--- Task statement ---
An exact copy of the listing is required, with its pictures removed.
Start of Dataset section
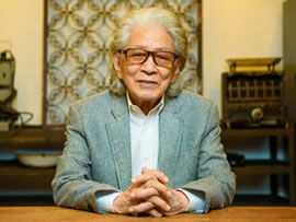 写真は、謎のおじさんアンブレラあつしの「風に吹かれて」より、幾つになってもカッコいい作家五木寛之。歳を重ねてもかくありたいもんですな。
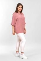 Блузка женская нарядно повседневного элегантного стиля, прямого силуэта с фигурным низом выполнена из шикарного дышащего хлопка. Вырез горловины воротник на стойке рубашечного типа, застежка доверху на обметанные петли и пуговицы. Рукав спущенный, втачной по низу на притачной манжете, в боковых швах обработаны разрезы. На полочке функциональный накладной карман, изящная металлическая бренд лейбл и контрасные пуговицы придают изделию стильный и современный дизайн. Подрез по полочке делает изделие трендом сезона. По спинке фигурная кокетка и встречная складка, создают идеальную посадку. Универсальный силуэт, элегантный крой, стильный дизайн - все детали только подчеркивают достоинства фигуры, а фасон создает трендовый образ.
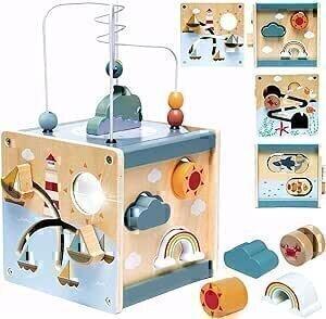 Cube d'activités en Bois de Labyrinthe avec Motifs océaniques
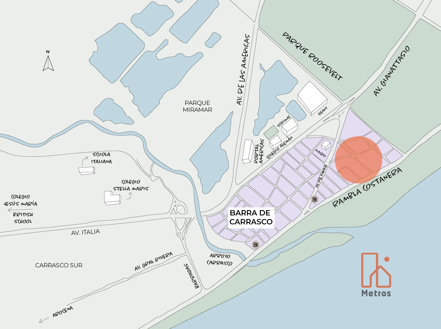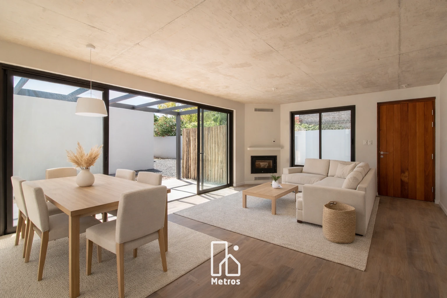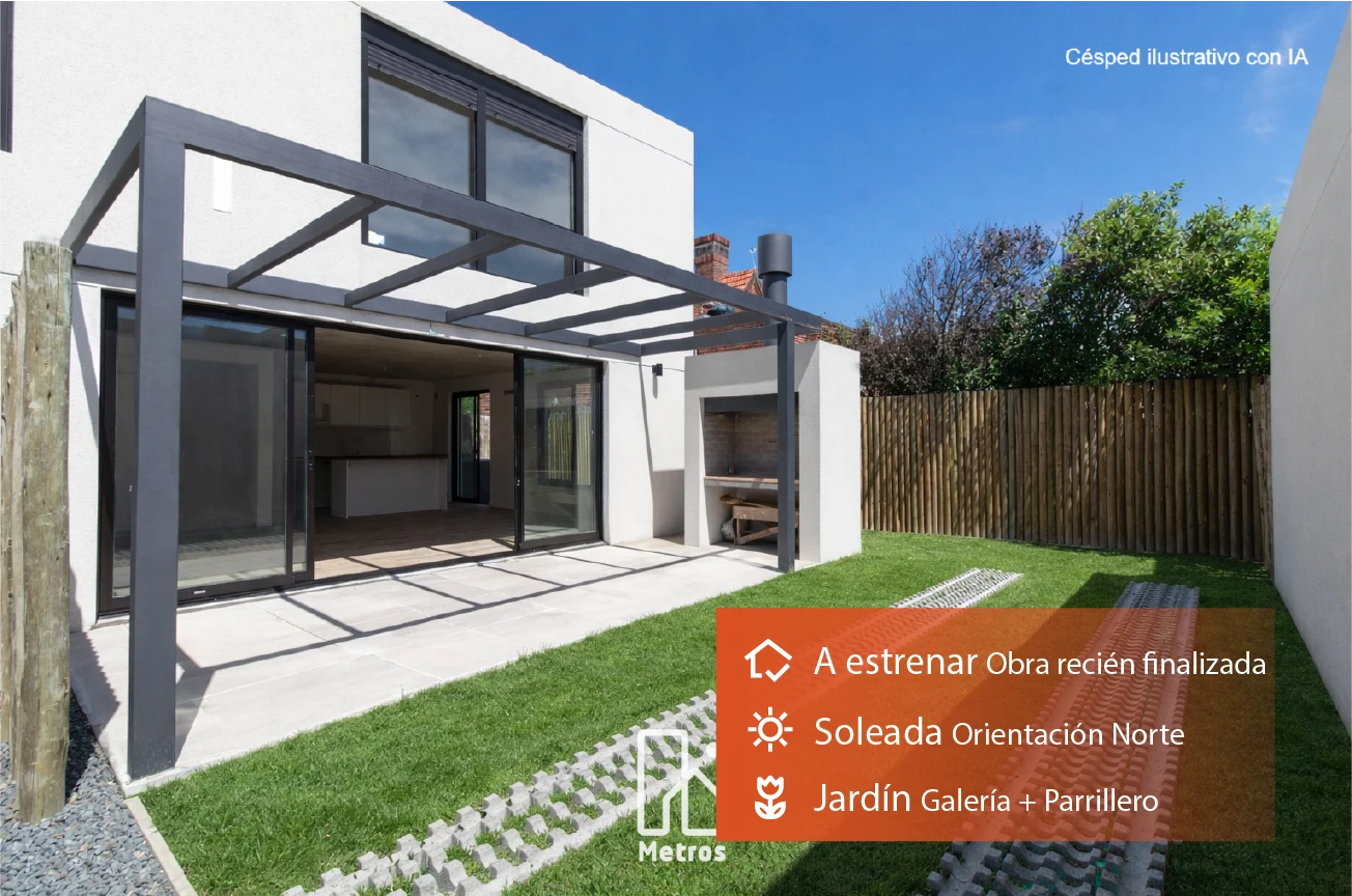 ¡Casa en alquiler a estrenar! Disponible en complejo de Barra de Carrasco. DESTACAMOS A estrenar obra recién finalizada • Excelente iluminación por su Orientación al Norte • a 1 cuadra de Rambla y en la zona mas Linda de Barra de Carrasco • Estufa alto rendimiento • Grandes ventanales • Espacios abiertos y unificados • Galería con parrillero • Gastos comunes bajísimos AMBIENTES Amplio living comedor • Cocina integrada con isla • 3 dormitorios • 2 baños completos • Jardín privado • Galería con parrillero • Cochera EL COMPLEJO La Casa se ubica en un complejo cerrado de 3 casas, con espacios exteriores de jardín de uso exclusivo y cocheras individuales, en una privilegiada ubicación, en Barra de Carrasco. El complejo ofrece la privacidad y comodidad necesaria, con los servicios más convenientes: a sólo una cuadra de la Rambla Costanera, cercano al centro comercial Geant del Parque Roosvelt y a cinco minutos del centro de Carrasco o del Aeropuerto. LA CASA La casa cuenta con 2 plantas de 108 m2 interiores en 130 m2 de terreno. En Planta Baja se encuentra un amplio living comedor con estufa de alto rendimiento. Es el ambiente más iluminado gracias a su triple orientación y gran ventanal con orientación norte integrado a galería con parrillero. ¡La mejor orientación que ofrece sol todo el año! La Galería con parrillero tiene una excelente vista al amplio jardín privado de la casa, el mejor plan para disfrutar en familia! La cocina, integrada al área social, se resuelve con una isla central que organiza y potencia el espacio. Cuenta con mobiliario bajo y sobre mesada, ofreciendo un amplio lugar de guardado. La isla, además de sumar almacenamiento, incorpora espacio para banquetas, convirtiéndose en un punto de encuentro funcional y versátil. Además, cuenta con salida al jardín. En esta planta también se encuentra un baño social. En planta alta se encuentran los 3 dormitorios, el principal de amplias dimensiones. Todos los dormitorios cuentan con amplios placares. Baño completo, con excelentes terminaciones. La Calefacción es por losa radiante eléctrica independiente por ambiente. Previsión de aire acondicionado en living y todos los dormitorios. Aberturas en aluminio con DVH, con cortinas de enrollar en dormitorios. Los pisos vinílicos símil madera. Cuenta con cochera. PRECIOS Gastos comunes: $300 (luz de entrada y portón automático) Comisión inmobiliaria: 1 mes de alquiler + iva ¡Te deseamos suerte en tu búsqueda, y estamos para ayudarte tanto con esta propiedad o también para ayudarte buscando otras opciones en todo el mercado! No dudes en contactarnos. Inmobiliaria Metros Consulta nuestra web y redes sociales para encontrar otras oportunidades
End of Dataset section
--- Result for this exercise ---
 写真は、謎のおじさんアンブレラあつしの「風に吹かれて」より、幾つになってもカッコいい作家五木寛之。歳を重ねてもかくありたいもんですな。
 Блузка женская нарядно повседневного элегантного стиля, прямого силуэта с фигурным низом выполнена из шикарного дышащего хлопка. Вырез горловины воротник на стойке рубашечного типа, застежка доверху на обметанные петли и пуговицы. Рукав спущенный, втачной по низу на притачной манжете, в боковых швах обработаны разрезы. На полочке функциональный накладной карман, изящная металлическая бренд лейбл и контрасные пуговицы придают изделию стильный и современный дизайн. Подрез по полочке делает изделие трендом сезона. По спинке фигурная кокетка и встречная складка, создают идеальную посадку. Универсальный силуэт, элегантный крой, стильный дизайн - все детали только подчеркивают достоинства фигуры, а фасон создает трендовый образ.
 Cube d'activités en Bois de Labyrinthe avec Motifs océaniques
 ¡Casa en alquiler a estrenar! Disponible en complejo de Barra de Carrasco. DESTACAMOS A estrenar obra recién finalizada • Excelente iluminación por su Orientación al Norte • a 1 cuadra de Rambla y en la zona mas Linda de Barra de Carrasco • Estufa alto rendimiento • Grandes ventanales • Espacios abiertos y unificados • Galería con parrillero • Gastos comunes bajísimos AMBIENTES Amplio living comedor • Cocina integrada con isla • 3 dormitorios • 2 baños completos • Jardín privado • Galería con parrillero • Cochera EL COMPLEJO La Casa se ubica en un complejo cerrado de 3 casas, con espacios exteriores de jardín de uso exclusivo y cocheras individuales, en una privilegiada ubicación, en Barra de Carrasco. El complejo ofrece la privacidad y comodidad necesaria, con los servicios más convenientes: a sólo una cuadra de la Rambla Costanera, cercano al centro comercial Geant del Parque Roosvelt y a cinco minutos del centro de Carrasco o del Aeropuerto. LA CASA La casa cuenta con 2 plantas de 108 m2 interiores en 130 m2 de terreno. En Planta Baja se encuentra un amplio living comedor con estufa de alto rendimiento. Es el ambiente más iluminado gracias a su triple orientación y gran ventanal con orientación norte integrado a galería con parrillero. ¡La mejor orientación que ofrece sol todo el año! La Galería con parrillero tiene una excelente vista al amplio jardín privado de la casa, el mejor plan para disfrutar en familia! La cocina, integrada al área social, se resuelve con una isla central que organiza y potencia el espacio. Cuenta con mobiliario bajo y sobre mesada, ofreciendo un amplio lugar de guardado. La isla, además de sumar almacenamiento, incorpora espacio para banquetas, convirtiéndose en un punto de encuentro funcional y versátil. Además, cuenta con salida al jardín. En esta planta también se encuentra un baño social. En planta alta se encuentran los 3 dormitorios, el principal de amplias dimensiones. Todos los dormitorios cuentan con amplios placares. Baño completo, con excelentes terminaciones. La Calefacción es por losa radiante eléctrica independiente por ambiente. Previsión de aire acondicionado en living y todos los dormitorios. Aberturas en aluminio con DVH, con cortinas de enrollar en dormitorios. Los pisos vinílicos símil madera. Cuenta con cochera. PRECIOS Gastos comunes: $300 (luz de entrada y portón automático) Comisión inmobiliaria: 1 mes de alquiler + iva ¡Te deseamos suerte en tu búsqueda, y estamos para ayudarte tanto con esta propiedad o también para ayudarte buscando otras opciones en todo el mercado! No dudes en contactarnos. Inmobiliaria Metros Consulta nuestra web y redes sociales para encontrar otras oportunidades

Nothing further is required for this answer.